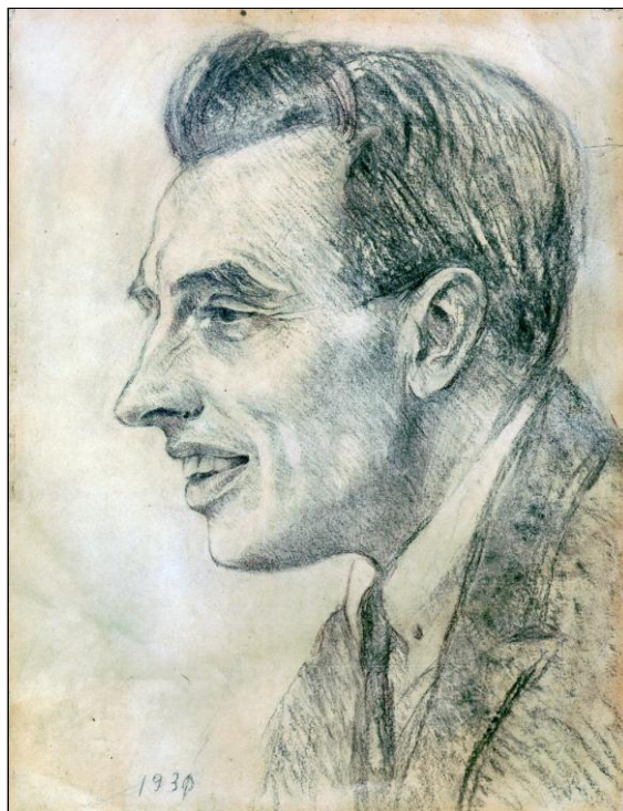
Портрет Глеба. Карандаш. 1930 г. Работа Ольги Георгиевны Бонч-Осмоловской.

Автор ее П. А. Куликовский 1 – личность достаточно известная. В молодости он являлся членом боевой организации эсеров. После февраля 1917 г. мечтал о
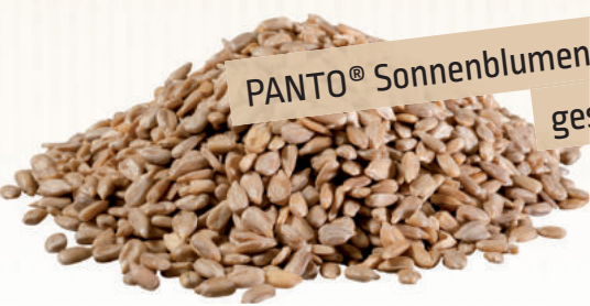
PANTO® Sonnenblumenkerne geschält
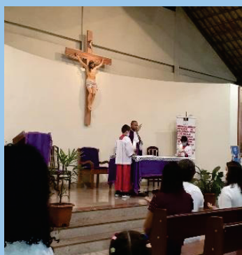
Missa em ação de graças Centenário Arquidiocese BH
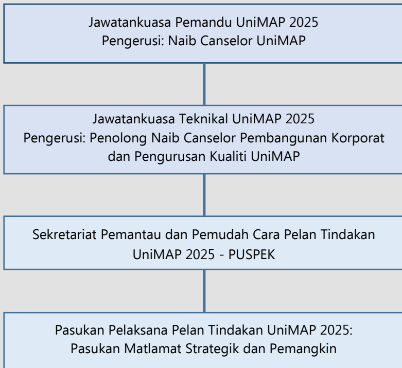
Rajah 4: Struktur Governan UniMAP 2025

Pelaporan pencapaian setiap objektif strategik akan dibentangkan kepada Pengurusan UniMAP setiap suku tahun melalui Jawatankuasa Pemandu UniMAP 2025. Hal ini penting dalam memastikan terdapat keselarasan antara setiap matlamat strategik dan pemangkin, ke arah mencapai hasrat besar dan objektif utama UniMAP 2025. Mekanisme ini juga membantu pihak Pengurusan UniMAP menilai, secara kolegial, aspek-aspek pembangunan setiap matlamat strategik dan pemangkin serta dapat menangani cabaran dan isu yang timbul, dari perspektif yang lebih besar, agar pelaksanaan lebih lancar dan teratur yang seterusnya akan membawa kepada kejayaan UniMAP 2025.
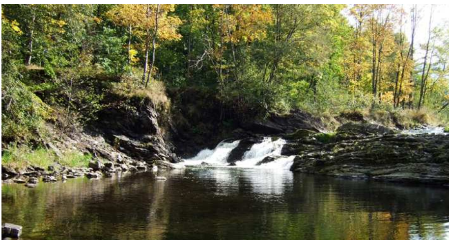
Peřeje na řece Ostravici.

Jaké místo ve zdejší krajině máte oblíbené
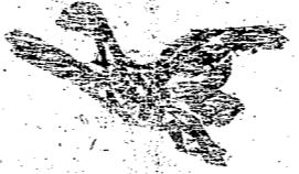
送附下剪標願把的信通要

投稿諸君：本報最歡迎不滿千字的短篇社會雜聞和小說。本報編輯部白。通信諸君：本欄祇登不滿三千個字的短信。請照例作就寄來！編輯部啟
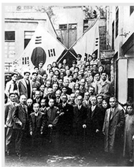
Key members standing in front of the KPG building(Chongqing) before Return to Korea(1945.11.3)

ที่มา : ◦ 승만 [ออนไลน์], เข้าถึงเมื่อ 29 เมษายน 2558. เข้าถึงจาก http://mpva.tistory.com/1685 .
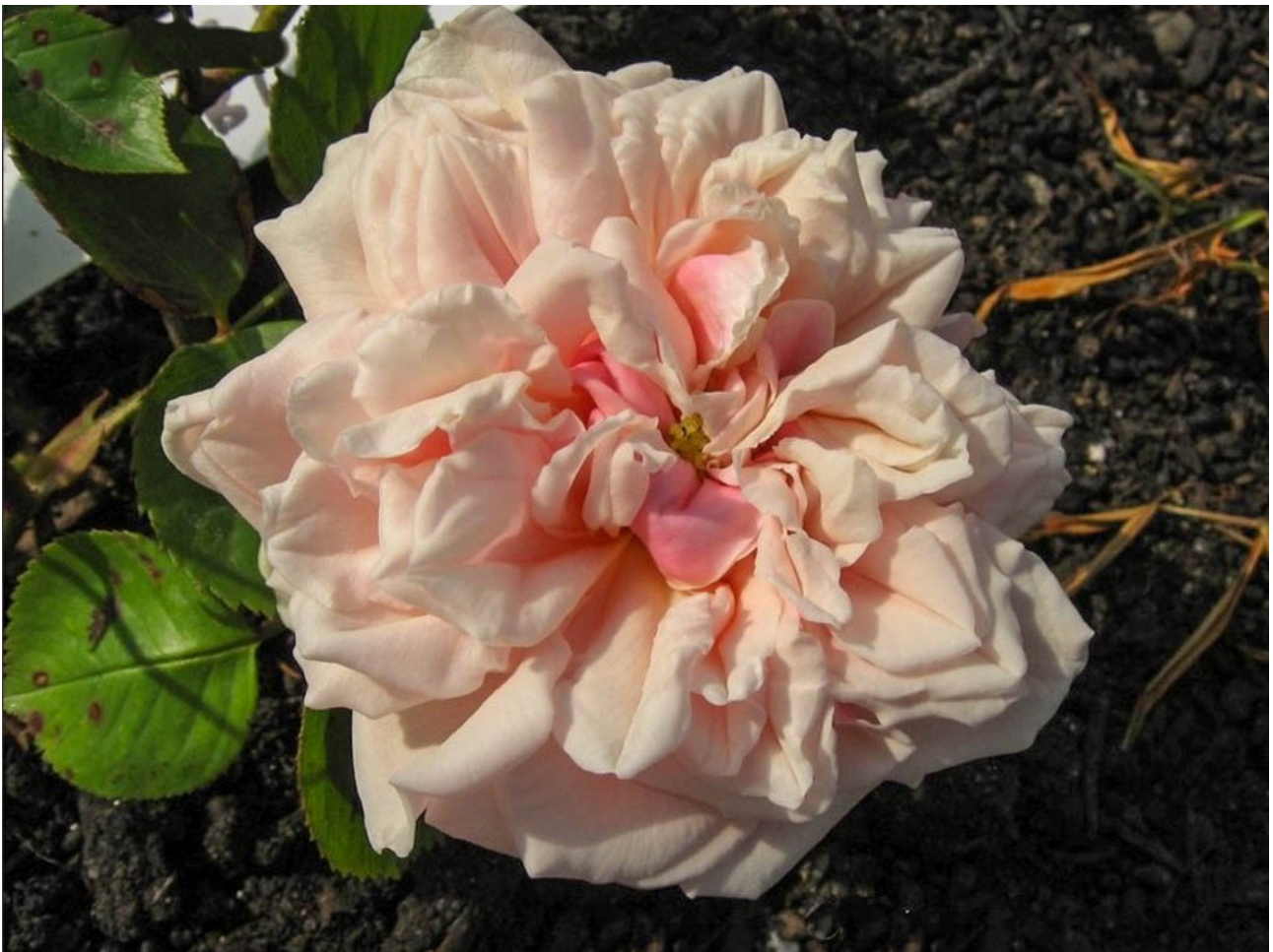
'Fürstin -Bismarck', Foto Etienne Bouret, AmisRoses

(Falsch als 'Fürst Bismarck' bezeichnet • Wrongly labelled 'Fürst Bismarck' • Faussement appelé 'Fürst Bismarck')
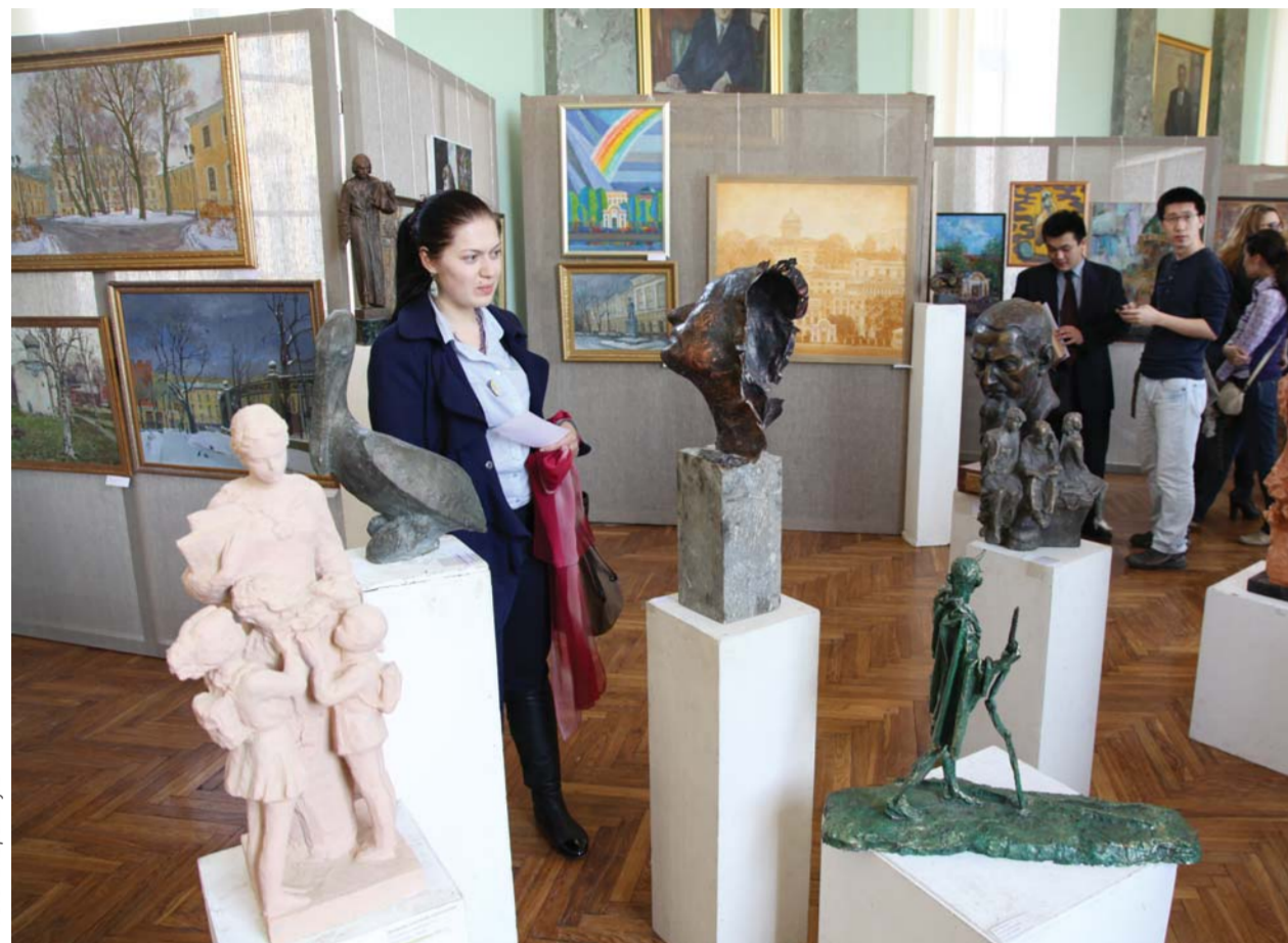
На экспозиции выставки «Герценовский университет в сердце Петербурга»

24 апреля в Голубом зале при поддержке Союза художников России состоялось торжественное открытие выставки «Герценовский университет в сердце Петербурга». Были представлены работы – номинанты одноименного международного конкурса, посвященного 215-летию Герценовского университета.
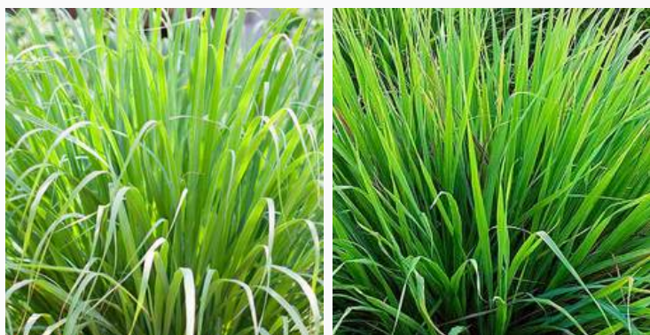
04 | ESPÉCIE: CAPIM-LIMÃO ou Cymbopogon citratus
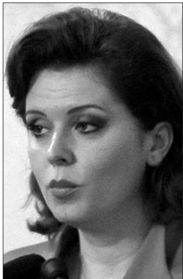
Roberta Anastase képviselőházi elnök
::::::::::
* Task goal
If a record holds a picture, leave the picture out, but copy everything else exactly.

* Task solution
Портрет Глеба. Карандаш. 1930 г. Работа Ольги Георгиевны Бонч-Осмоловской.

Автор ее П. А. Куликовский 1 – личность достаточно известная. В молодости он являлся членом боевой организации эсеров. После февраля 1917 г. мечтал о
PANTO® Sonnenblumenkerne geschält
Missa em ação de graças Centenário Arquidiocese BH
Rajah 4: Struktur Governan UniMAP 2025

Pelaporan pencapaian setiap objektif strategik akan dibentangkan kepada Pengurusan UniMAP setiap suku tahun melalui Jawatankuasa Pemandu UniMAP 2025. Hal ini penting dalam memastikan terdapat keselarasan antara setiap matlamat strategik dan pemangkin, ke arah mencapai hasrat besar dan objektif utama UniMAP 2025. Mekanisme ini juga membantu pihak Pengurusan UniMAP menilai, secara kolegial, aspek-aspek pembangunan setiap matlamat strategik dan pemangkin serta dapat menangani cabaran dan isu yang timbul, dari perspektif yang lebih besar, agar pelaksanaan lebih lancar dan teratur yang seterusnya akan membawa kepada kejayaan UniMAP 2025.
Peřeje na řece Ostravici.

Jaké místo ve zdejší krajině máte oblíbené
送附下剪標願把的信通要

投稿諸君：本報最歡迎不滿千字的短篇社會雜聞和小說。本報編輯部白。通信諸君：本欄祇登不滿三千個字的短信。請照例作就寄來！編輯部啟
Key members standing in front of the KPG building(Chongqing) before Return to Korea(1945.11.3)

ที่มา : ◦ 승만 [ออนไลน์], เข้าถึงเมื่อ 29 เมษายน 2558. เข้าถึงจาก http://mpva.tistory.com/1685 .
'Fürstin -Bismarck', Foto Etienne Bouret, AmisRoses

(Falsch als 'Fürst Bismarck' bezeichnet • Wrongly labelled 'Fürst Bismarck' • Faussement appelé 'Fürst Bismarck')
На экспозиции выставки «Герценовский университет в сердце Петербурга»

24 апреля в Голубом зале при поддержке Союза художников России состоялось торжественное открытие выставки «Герценовский университет в сердце Петербурга». Были представлены работы – номинанты одноименного международного конкурса, посвященного 215-летию Герценовского университета.
04 | ESPÉCIE: CAPIM-LIMÃO ou Cymbopogon citratus
Roberta Anastase képviselőházi elnök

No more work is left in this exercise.